The linear regression analysis uses a data-driven approach to identify and reject brain regions that appear in the VBM main effect results simply because they are statistically more likely to co-atrophy with other brain regions directly related to sarcasm. However, this analysis does not rule out the possibility that significant findings hold true only in one diagnostic group and do not represent a generalizable brain-behavior relationship. It is logically possible for this kind of illusory correlation to occur in any VBM analysis using patients from multiple neurodegenerative disease groups, because if disease group membership predicts a region of atrophy (G→A), and disease group membership also predicts poor performance on the behavior task (G→B), then that region of atrophy may appear to directly correlate with the behavior (A↔B), when that correlation is actually spurious (A←/→B).
In order to perform a second error-check for co-atrophy, we parameterized each diagnosis (0=no, 1=yes) and entered all 7 diagnostic groups into the design matrix as confounding covariates (using 6 dummy variables to represent the 7 groups). Then the relationship between sarcasm score and atrophy was examined using a [0 1 0 0 0 0 0 0 0 0 0] contrast (See Figure 2). The results of this analysis shows regions of atrophy significantly related to Sarcasm score only if they appear in more than one diagnostic group. These results must be considered in light of the regression results, however, because this method will improperly exclude any regions that are legitimately related to Sarcasm score, but which only atrophy in a single diagnostic group.
Based on evidence from functional and lesion-based studies of social and emotional functions, we hypothesized that deficits in the ability to interpret paralinguistic cues as sarcastic would correspond with grey-matter atrophy in a right temporal-frontal network (Allison et al., 2000; Gallagher & Frith, 2003; Perry et al., 2001; Rosen et al., 2002; Shamay-Tsoory, Tomer, & Aharon-Peretz, 2005). Poor performance on the more general Sincere control condition was expected to occur because of deficits in different cognitive modalities, according to the functions particularly affected by any one of the multiple neurodegenerative diseases represented in our sample (e.g., impaired verbal or visual memory, working memory, semantic loss, or syntax comprehension deficits). Because detection across the sample of the source of failure on this task would not be isolated to a single anatomic network, since no single diagnostic group showed disproportionate deficits on the Sincere task, we hypothesized that there would be no suprathreshold clusters for the Sincere condition main effect,
An omnibus analysis of variance using a general linear model, controlling for sex, age, and MMSE, showed no significant diagnostic group differences in how subjects performed on the Sincere condition, suggesting all disease groups were able to adequately comprehend the test despite their cognitive deficits.
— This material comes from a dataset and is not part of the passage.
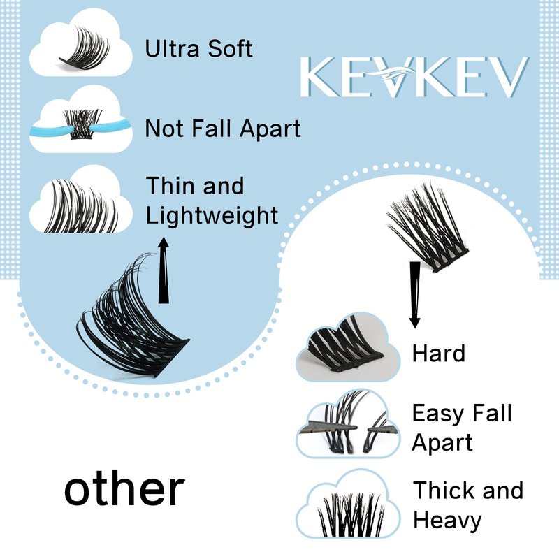 - Ultra Soft Lash Clusters: Experience the lightweight and thin design of KevKev ultra soft lash clusters. They are specifically crafted to be lighter and thinner than standard models, ensuring a comfortable and natural feel when worn.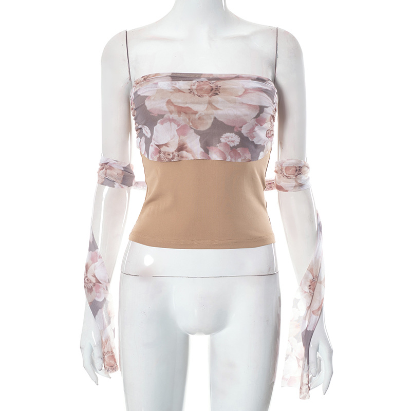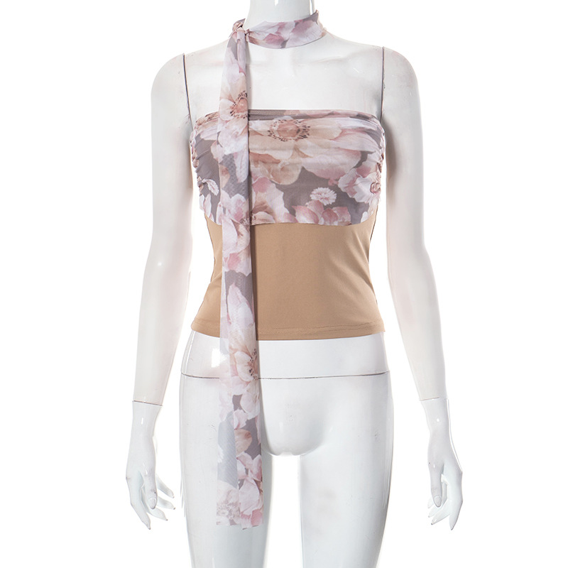 Sexy Niche Tie Dye Design Printing Color Contrast Patchwork Bandeau One Shoulder Vest Women Summer

However, there were significant differences across groups on Simple Sarcasm score (p<0.0007) (Table 1, Figure 1). SemD patients showed significantly lower Simple Sarcasm scores than controls (p<0.05 based on a post-hoc Dunnett-Hsu test controlling for sex, age, and MMSE). No other dementia group (bvFTD, PNFA, AD, CBD, PSP) showed impairment on either condition relative to normal controls. Sincere scores did not correlate significantly with Simple Sarcasm scores.
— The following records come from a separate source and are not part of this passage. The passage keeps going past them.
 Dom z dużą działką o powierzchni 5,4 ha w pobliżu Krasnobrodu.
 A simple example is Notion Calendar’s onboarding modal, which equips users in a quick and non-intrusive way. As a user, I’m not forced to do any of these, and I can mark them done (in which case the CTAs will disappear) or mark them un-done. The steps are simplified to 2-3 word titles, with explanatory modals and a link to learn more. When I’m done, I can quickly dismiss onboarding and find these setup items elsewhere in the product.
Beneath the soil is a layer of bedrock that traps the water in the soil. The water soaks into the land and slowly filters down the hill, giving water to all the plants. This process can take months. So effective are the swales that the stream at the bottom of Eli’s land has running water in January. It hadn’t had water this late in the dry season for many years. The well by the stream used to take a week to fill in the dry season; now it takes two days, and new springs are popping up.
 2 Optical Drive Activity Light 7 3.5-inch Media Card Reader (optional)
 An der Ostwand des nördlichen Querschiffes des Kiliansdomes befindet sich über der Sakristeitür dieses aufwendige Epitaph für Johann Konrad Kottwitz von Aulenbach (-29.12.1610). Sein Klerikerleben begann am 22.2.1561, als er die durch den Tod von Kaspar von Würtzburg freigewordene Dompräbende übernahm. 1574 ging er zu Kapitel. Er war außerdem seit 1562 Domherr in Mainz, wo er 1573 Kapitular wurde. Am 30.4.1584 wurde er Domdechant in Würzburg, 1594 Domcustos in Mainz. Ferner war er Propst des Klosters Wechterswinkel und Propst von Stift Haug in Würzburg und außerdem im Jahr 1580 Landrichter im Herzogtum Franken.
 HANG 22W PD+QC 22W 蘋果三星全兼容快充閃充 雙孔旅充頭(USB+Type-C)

The patients were then grouped by whether they had passed or failed the Simple Sarcasm task, and the cognitive, emotion, and neuropsychiatric profiles of the two groups were compared (Table 2). Patients failing the Sarcasm task included 4 bvFTDs, 8 SDs 2 ADs and 1 PSP patient. The “Fail” group performed significantly worse than the “Pass” group on tests of dynamic emotion recognition (TASIT EET), confrontation naming, semantic fluency, and verbal recognition memory, and they showed a significantly more impaired neuropsychiatric profile on the NPI. However, the “Fail” group performed significantly better than the “Pass” group on tests of visuospatial functioning, verbal and nonverbal working memory, and ability to inhibit an automatic verbal response. Also, patients in the “Fail” group were statistically more likely to give correct interpretations of videos from the Sincere condition of the TASIT. There were no differences between the “Pass” and “Fail” groups on the simple emotional voice prosody naming or recognition tasks (CATS), or on other neuropsychological tests.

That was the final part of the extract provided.